You might look for the deer antlers. Those are very hard and they cant chew them up. Make sure you get the big ones. This is the website http://www.petexpertise.com/dog-toys/antlers-chews.html?sef_rewrite=1


----------



## Old Gold Mum2001 (Feb 25, 2007)

:doh: that's like 2 of mine, tho mine like CD's, electrical wires, soda cans (recycle bin now has to be on other side of fencing, lol), anything they can get their mouths on, then they try n play tug with it, lol. Thank goodness for someone posting about cotton balls, and HP


----------



## jnmarr (Mar 7, 2008)

Boomer is such a cutie! Are you sure he is eating all that stuff??? ROFLMBO !! Your title sound like it should be the title to a training book > I would stick to huge nylabones or really solid sterilized bones with home made stuffing in them.. or large stuffed Kongs. Rusty wan't bad at eating things.. He likes sticks and grass. Penny ate circles out of socks and worn shirts till she was about 8 months old if one was within reach. She will still eat sticks, try to get rocks and plants and even mud!!!??? If I turn my back. She also ate huge circles our of all the beds. My bridge boys are contenders for the world's record I am sure.. remote controls, picture frame, a recliner, contents of trash the day after Christmas ( trip to ER ) money, I could go on and on. I BELIEVE in crate training now shall we say! Boomer is precious!


----------



## Heidi36oh (Feb 27, 2007)

I got one of them, Chewie eats about anything he finds. We started to close every door possible, trashcan is under the sink and he still finds a sock:doh:. It's gotten better tough since the doors are closed much less things are eaten.

Boomer is so cute, you sure he does all that stuff???:wave:


----------



## Leia (Oct 26, 2008)

Thank you for the link to the antlers. I'm going to order a few. I think they would be just what she needs.


----------



## norabrown (Jul 20, 2007)

Samson prefers socks and rocks! He poops out both and on occasion throws up the rocks.


----------



## amy22 (May 11, 2008)

My daughter's dog LOVES underwear..ate about 15 pairs last week..she has Riley at college with her and it was wash day...her door was left open...threw up undies and pooped them out for days...I made my daughter count them(not to easy to make her do it over the phone but she loves her dog so she did it)....easy by colors and they all came out...LUCKY and thank goodness for hydrogen peroxide..this dog also ate about 1/3 of the carpet and padding in my living room when she was a pup.. chewed up picture frames..the list goes on....


----------



## Celeigh (Nov 29, 2007)

Fergus loves rusty metal . He digs up the rusted metal pins that hold some underground sprinkler hose in place and wants to chew on those.
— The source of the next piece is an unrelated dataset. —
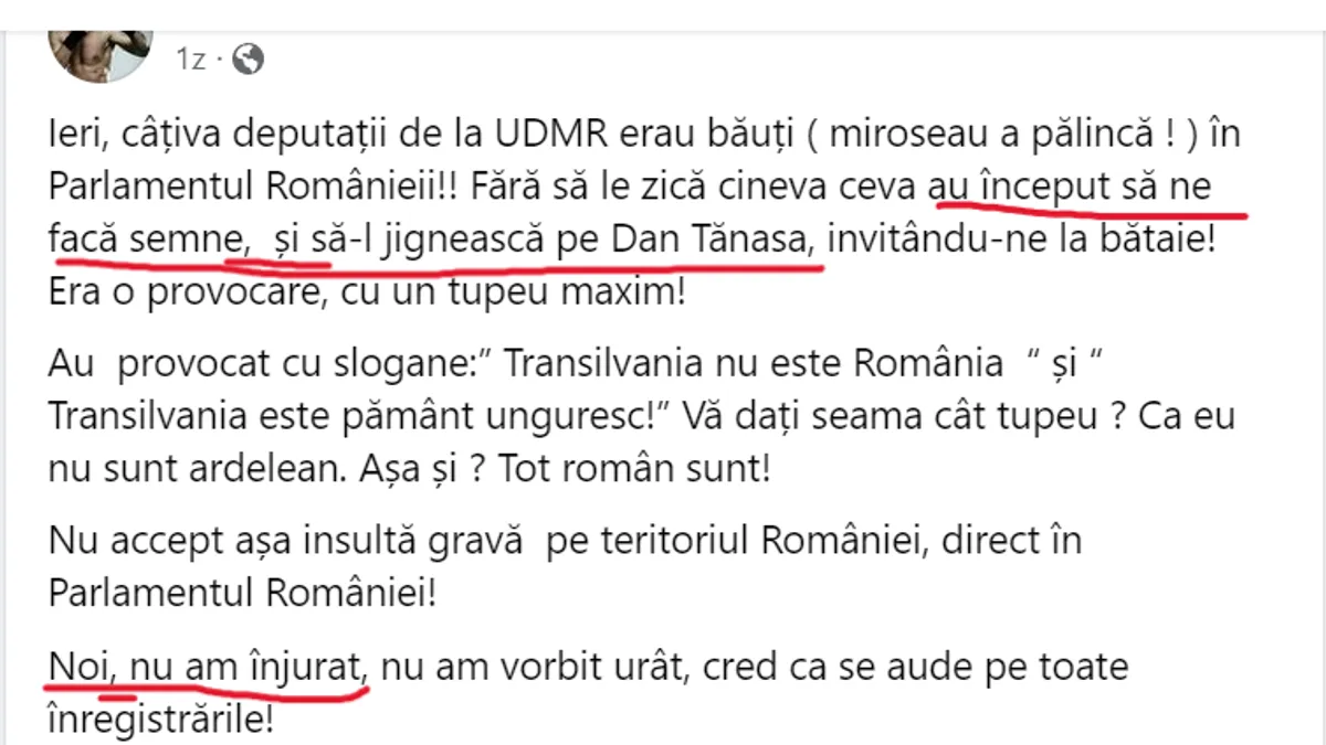 În aceeași postare, el susține că deputații USR au smuls hainele de pe Viorica Dăncilă: „Presa nu a făcut așa mare vâlvă când demnitarii și membrii USR o băteau pe holuri pe Viorica Dăncilă, care avea atunci funcția de Prim-ministru!

They are about 8 inches long and pronged like a giant hairpin. I took one away from him today. I also took away a 3 inch piece of rusted rebar today. Not sure where that came from, but he found it in the yard. Last week, I had to chase him to get several rusted nails held together with paper away from him - the kind that get loaded into nail guns. My house is fairly new construction and the construction guys were piggies, throwing every matter of trash into the dirt in the backyard. I guess a lot of it is still there after the landscaping.


----------



## GoldenOwner12 (Jun 18, 2008)

Another one here Shelley always search's for food on our walks even at home. I spoted her trying to eat used bandaids,dirt,poo,baloons,metal lids,plastic,her own hair when brushed and anything else that is liying around she willl try.Lucky for me i just got to yell get out of it Shelley and she drops what she has got. Sometimes she won't listen and ends up swallowing it, It comes out the other end thankfully.


----------



## slechner (Sep 5, 2008)

Thanks for your reply. Yes, it sounds like you have lots of dog experience. Boomer is a cutie but can be a real devil dog. I hope he outgrows some of his ways.


----------



## Craigbob (Nov 6, 2008)

Riley likes to try and eat things as well. Yesterday he found a piece of foam in the yard (unlike any foam we've ever had) tore it up, ate some and up it came. My son should have been paying better attention to him though to prevent that. 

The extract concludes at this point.